Studio album by Granrodeo
- Released: 24 September 2014
- Recorded: 2012–2014
- Genre: Rock
- Length: 66:59
- Label: Lantis
- Producer: E-Zuka

Granrodeo chronology
| Crack Star Flash (2012) | Karma to Labyrinth (2014) | Pierrot Dancin' (2017) |

Singles from Supernova
- "DARK SHAME" Released: 11 November 2012; "Henai no Rondo" Released: 17 April 2013; "The Other self" Released: 16 October 2013; "Hengenjizai no Magical Star" Released: 12 February 2014;

= Karma to Labyrinth =

Karma to Labyrinth (カルマとラビリンス, Karma and Labyrinth) is the sixth album of Japanese rock band, Granrodeo.
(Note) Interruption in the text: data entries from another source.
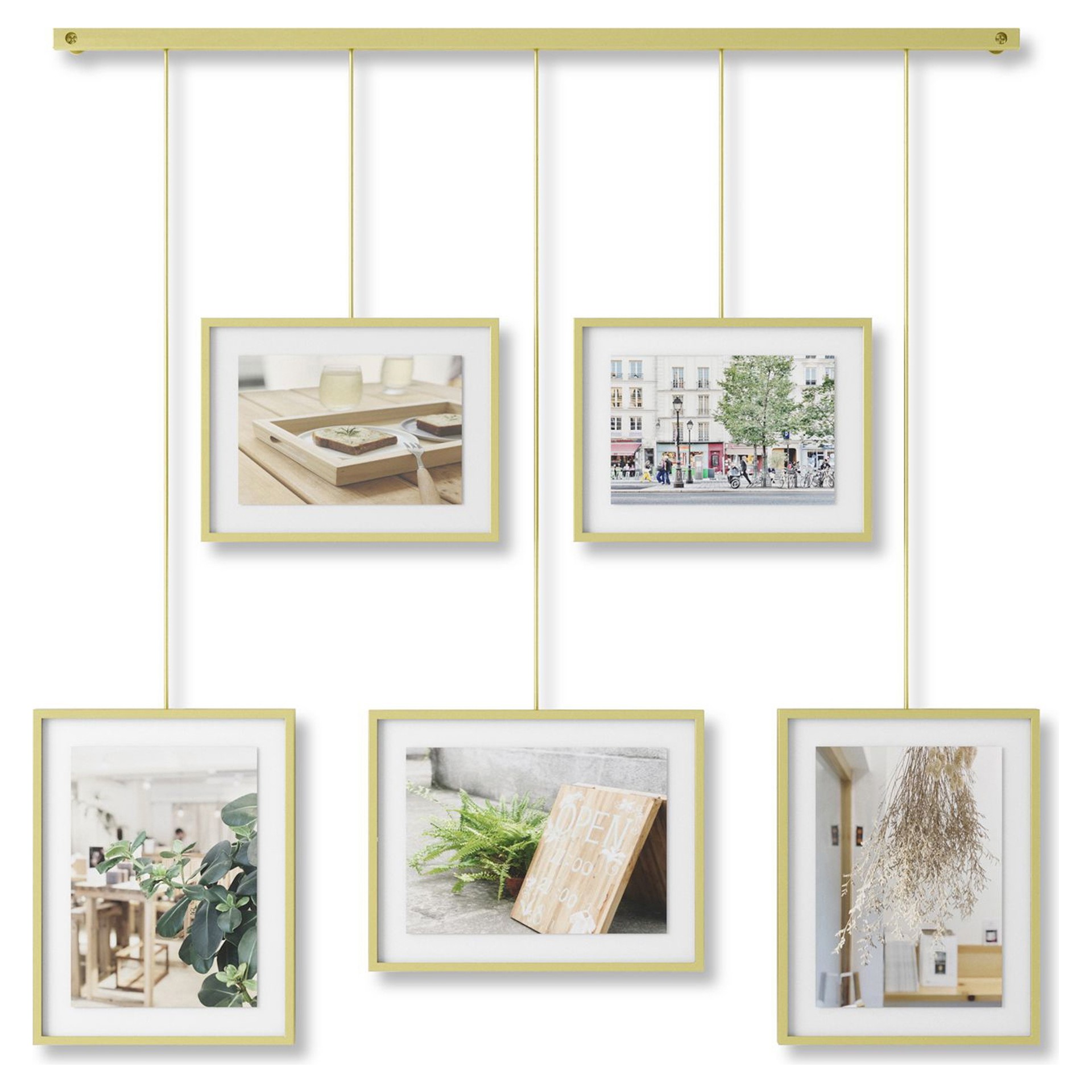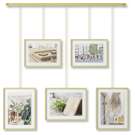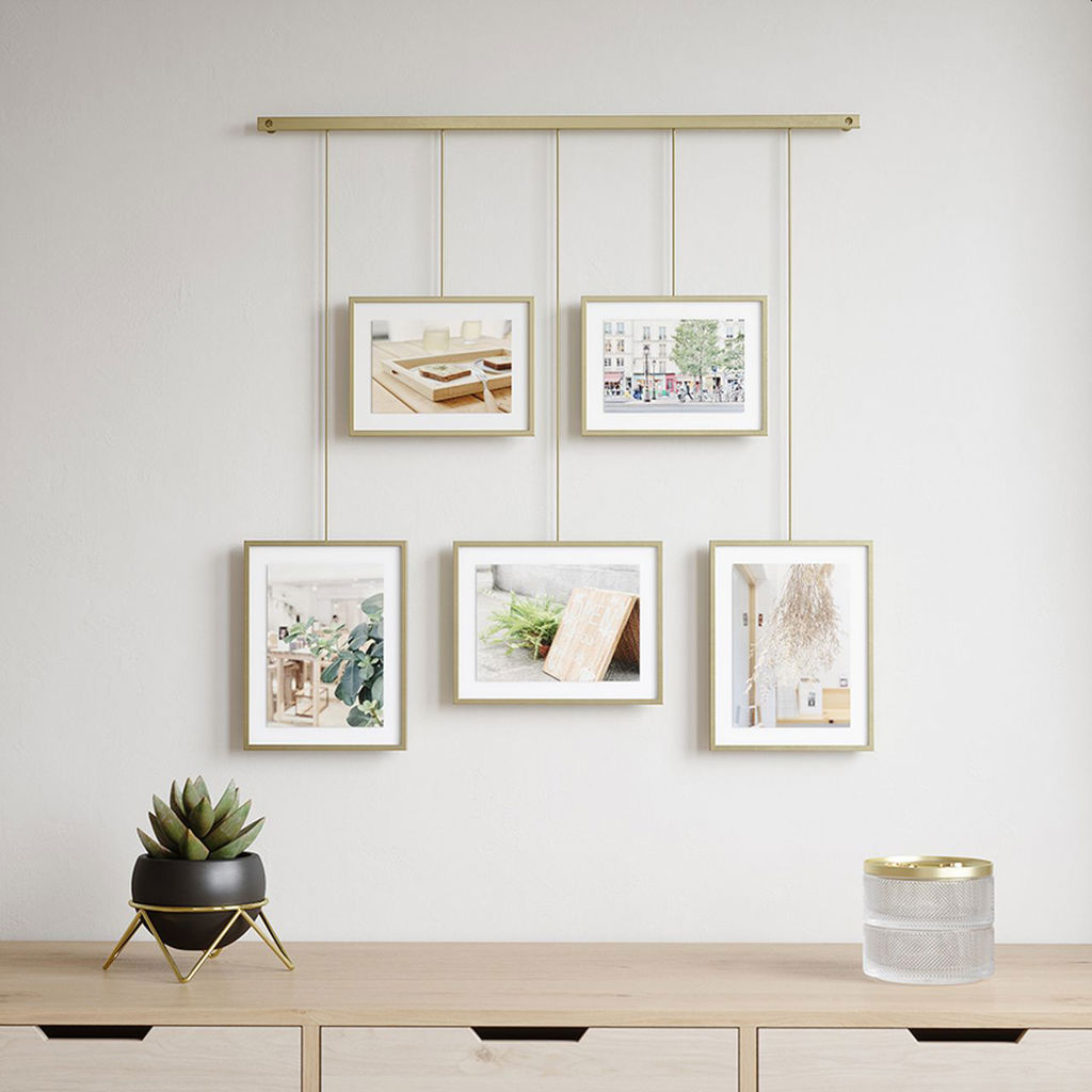 Le présentoir de photos d'exposition comprend un rebord mural en métal brossé avec des pinces et des supports pour contenir cinq cadres photo de style galerie de différentes tailles, tout en réduisant la quantité de dommages généralement laissés sur les murs.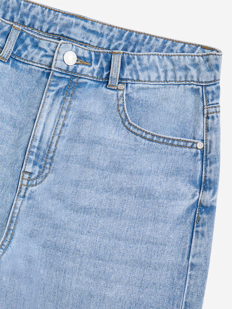 Y&F Kids Light Blue Slit Detailed Straight-Fit High-Rise Jeans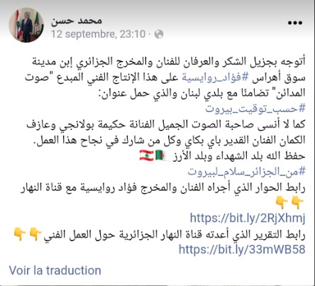 نشر سفير دولة لبنان بالجزائر محمد حسن على حسابه الخاص بمواقع التواصل الإجتماعي، تعليقا بخصوص تضامن فنانين جزائريين مع محنة بيروت الأخيرة.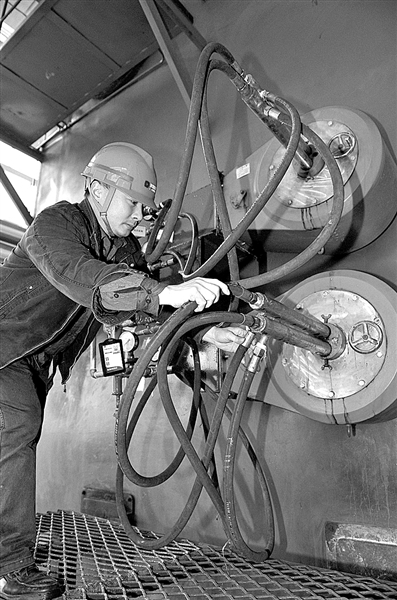 圖為工作人員在貴陽清鎮(zhèn)市的貴州聯(lián)和清潔燃料公司水煤漿集中供汽站檢修設(shè)備。為節(jié)約能源資源、保護環(huán)境,進一步提高經(jīng)濟發(fā)展的質(zhì)量和效益,公司總投資5.5億元規(guī)劃建設(shè)這一項目,現(xiàn)已竣工投產(chǎn)。新華社發(fā)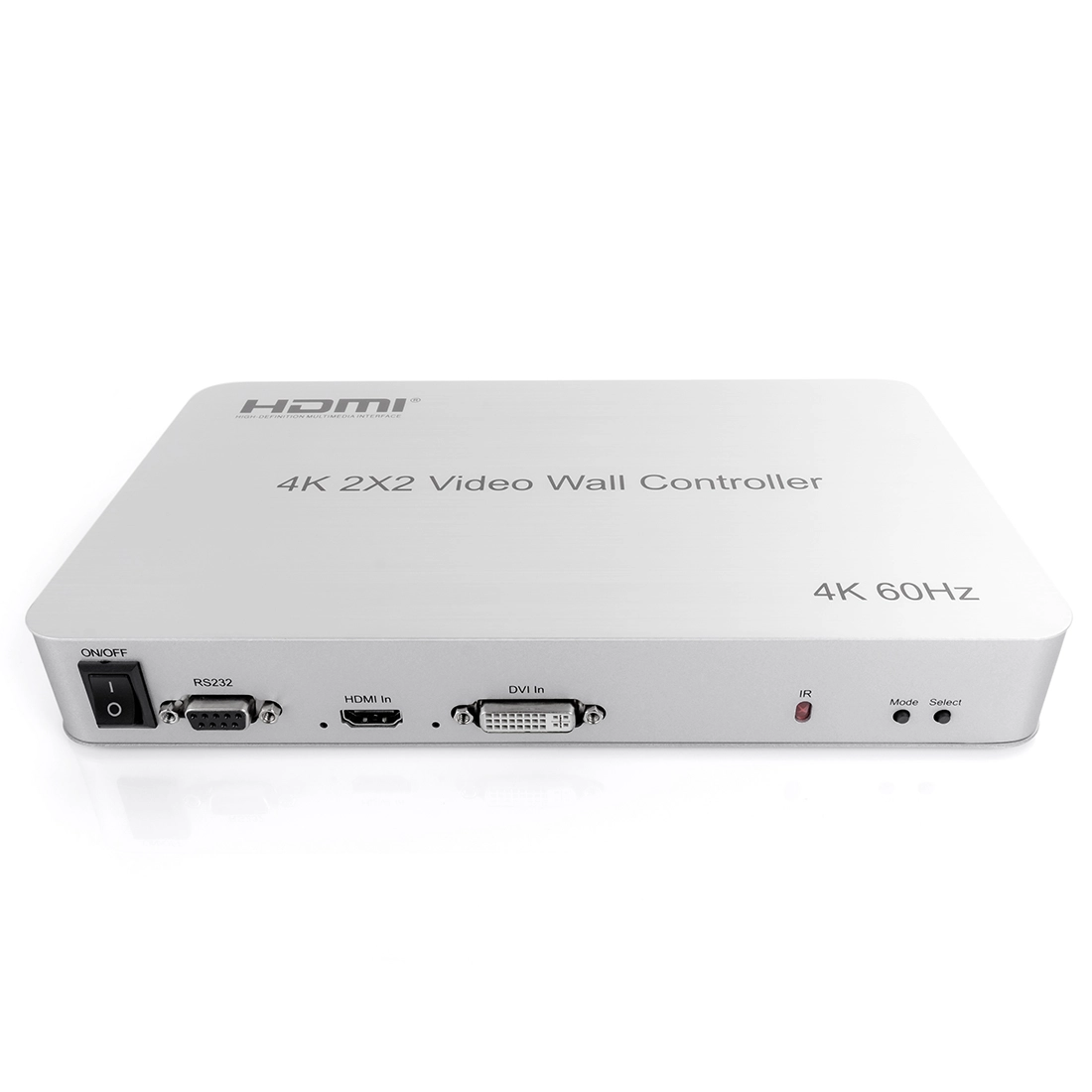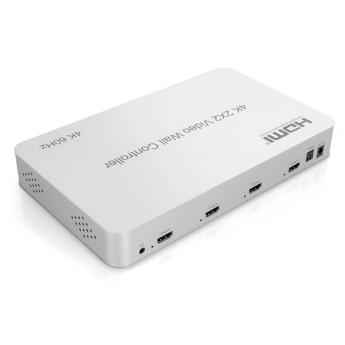 Kontroler ściany wideo 4K 60Hz 2x2 obsługujący 1wejście HDMI lub DVI i 4 wyjścia HDMI. Główną funkcją kontrolera ścian jest podzielenie pełnego obrazu HDMI lub DVI HD na 4 bloki i przypisanie do 4 jednostek wideo (takich jak tylna jednostka projekcyjna , Telewizor LCD itp.). Dzięki urządzeniu można stworzyć duży, dynamiczny obraz o wysokiej jakości.

It was released on 24 September 2014.

== Song information ==
- "DARK SHAME" was used as the opening theme to the 2012 anime television series Code:Breaker.
- "Henai No Rondo" was used as the opening theme to the 2013 anime television series Karneval.
- "The Other Self" was used as the 1st opening theme to the 2013 anime television series "Kuroko's Basketball 2".
- "Hengenjizai no Magical Star" was used as the second opening theme to the 2013 anime television series "Kuroko's Basketball 2".
- "Sakura-iro dai 2 Button" was added as an insert song for the single "Henai no Rondo".
- "baby bad boy" was added as an insert song for the single "The Other self".
- "DAWN GATE" was added as an insert song for the single "The Other self".
- "Zetchou Poison" was added as an insert song for the single "Hengenjizai no Magical Star".

==Track listing==

| No. | Title | Length |
|---|---|---|
| 1. | "Blue Pandora Box" | 2:19 |
| 2. | "silence" | 5:40 |
| 3. | "Hengenjizai no Magical Star (変幻自在のマジカルスター)" | 4:42 |
| 4. | "Volcano (ボルケーノ)" | 5:12 |
| 5. | "DARK SHAME" | 4:50 |
| 6. | "baby bad boy" | 4:17 |
| 7. | "The Other self" | 4:45 |
| 8. | "Sakura-iro dai 2 Button (桜色第2ボタン)" | 6:32 |
| 9. | "Henai no Rondo (偏愛の輪舞曲)" | 4:10 |
| 10. | "Zetchou Poison (絶頂ポイズン)" | 4:43 |
| 11. | "Pink Phantom" | 4:36 |
| 12. | "wonder color" | 5:18 |
| 13. | "DAWN GATE" | 9:50 |
| Total length: |  | 66:59 |

== Personnel ==
- Kishow: vocals, lyrics
- E-Zuka: lead guitar, backing vocals, Arranging

== Cover ==
"The Other self" and "Henai no Rondo" were covered by Breakerz and Takanori Nishikawa respectively, on the 2020 Granrodeo tribute album Rodeo Freak.